> WHAT IS BEING ASKED: Repeat verbatim what the listing holds, but not its pictures.

> SOURCE MATERIAL:
Content starts
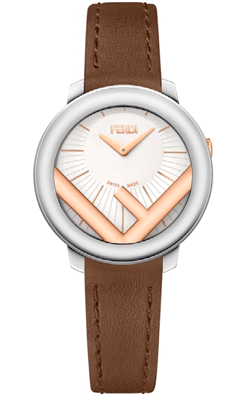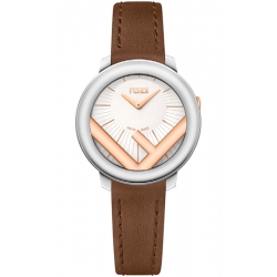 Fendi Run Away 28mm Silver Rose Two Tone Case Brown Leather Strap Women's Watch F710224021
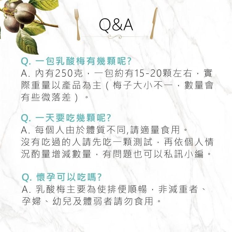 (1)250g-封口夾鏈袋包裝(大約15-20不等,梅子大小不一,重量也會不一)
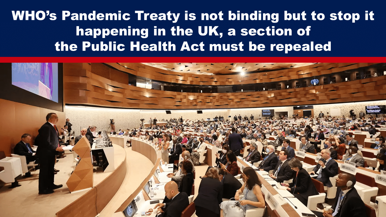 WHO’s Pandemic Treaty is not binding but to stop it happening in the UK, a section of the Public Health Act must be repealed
Content ends
> SOLVED PROBLEM:
 Fendi Run Away 28mm Silver Rose Two Tone Case Brown Leather Strap Women's Watch F710224021
 (1)250g-封口夾鏈袋包裝(大約15-20不等,梅子大小不一,重量也會不一)
 WHO’s Pandemic Treaty is not binding but to stop it happening in the UK, a section of the Public Health Act must be repealed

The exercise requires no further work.